Moscow has other goals, the genesis of the Russian regime is quite different, it is much more similar to the internal construction of Belarus than the internal construction of the democratic countries. Moscow tried different scenarios with neighboring countries, as it was in the Ukraine in 2004. This option is not passed. This is one of the reasons why now is not Moscow insists that someone Lukashenko replaced. According to the Kremlin's version of the more successful relationship with the Georgian president — a complete lack of communication. But with Belarus can not do so because there is no through Georgia transit of oil and gas and, in any case, Belarus — is not Georgia. Therefore, the tactic here is slightly different.

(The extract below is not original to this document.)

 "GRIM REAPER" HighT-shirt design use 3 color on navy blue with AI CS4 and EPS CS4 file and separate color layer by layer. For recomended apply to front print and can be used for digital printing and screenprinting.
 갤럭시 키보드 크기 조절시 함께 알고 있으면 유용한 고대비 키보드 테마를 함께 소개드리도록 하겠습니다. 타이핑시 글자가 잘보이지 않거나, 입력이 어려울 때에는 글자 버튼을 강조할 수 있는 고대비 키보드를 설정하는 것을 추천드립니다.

Lukashuk: The day before the visit of the Minister of Belarus Alexander Lukashenko publicly Lavrov refused to sign documents on the Belarusian-Russian military group, he said that he would sign them only during the session of the Supreme State Council of the Union, that is, during a meeting with the Russian president. This is similar to last year's situation, when Lukashenko in the midst of war beat breast decision-making in the framework of the CSTO. In your opinion, how painful for Moscow to take such steps official Minsk?
Balls: I believe that they are sick. Any president does not like it when he disagree. Medvedev said in his video blog said everything I wanted to say about Lukashenko. Medvedev — a weak president, Lukashenko knows it, his reaction is also calculated on what Medvedev has real powers. Now Lukashenko does not want to sign. But a month later he wins the election, and it turns out that the Belarusian and Russian people there is an infinite potential of friendship, and that friendship is possible for something to give. And they will sit down and agree.

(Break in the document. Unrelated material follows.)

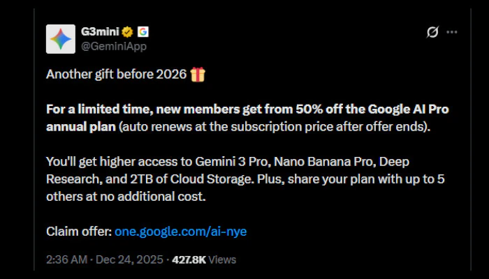 Google: नई दिल्ली। गूगल ने नए साल 2026 की शुरुआत से पहले यूजर्स को बड़ा तोहफा दिया है। कंपनी ने चुनिंदा क्षेत्रों में नए सब्सक्राइबर्स के लिए Google AI Pro और Google One के सालाना प्लान पर 50 प्रतिशत की भारी छूट की घोषणा की है। यह लिमिटेड टाइम ऑफर है, जो नए यूजर्स को आकर्षक AI फीचर्स और क्लाउड स्टोरेज कम कीमत में उपलब्ध करा रहा है।

Lukashuk: This week, Medvedev sent a question on twitter from Belarus — as it relates to the Belarusian elections and the Belarusian president. He said that the election is with great respect, and about Lukashenko said about him already spoken. And he gave a link to a very critical video message, which you, Andrew, have said. Do you think that it is now possible reconciliation between Medvedev and Lukashenko?
Balls: In politics, everything is possible. Can be reconciled. And maybe — and the continuation of the current cold snap. Nobody is going to die. The question is to what extent the "freezing" of relations between the two countries, taking into account, inter alia, the role of transit and Belarus.
Lukashuk: Yuri, in your opinion — that the conflict with the Kremlin Minsk — can it affect the Belarusian nomenklatura at the Belarusian security forces, the last in a situation Square will behave in the same way as the security forces have behaved relatively protesters on Independence in 2004?
Drakakhrust: I believe the answer to your question is — compared with the effect in Belarus "godfathers", he certainly is, but not decisive. All the same, 20 years old Belarusian nomenclature largely got rid of the habit of taking the salu
te on any wish of Moscow. On the other hand, Moscow's wishes, and yet are not as specific and unambiguous — you can remember and conciliatory press conference the head of the Kremlin administration, Sergei Naryshkin, and the recent statement by the Russian Ambassador to Belarus Alexander Surikov that Lukashenko would win the election with a convincing result. The ambiguity of Moscow's position strengthened by the fact that the Kremlin does not declare that it supports any candidate in Belarus.
So that the "signal" is not so strong, "radar" is not too attuned to this "signal".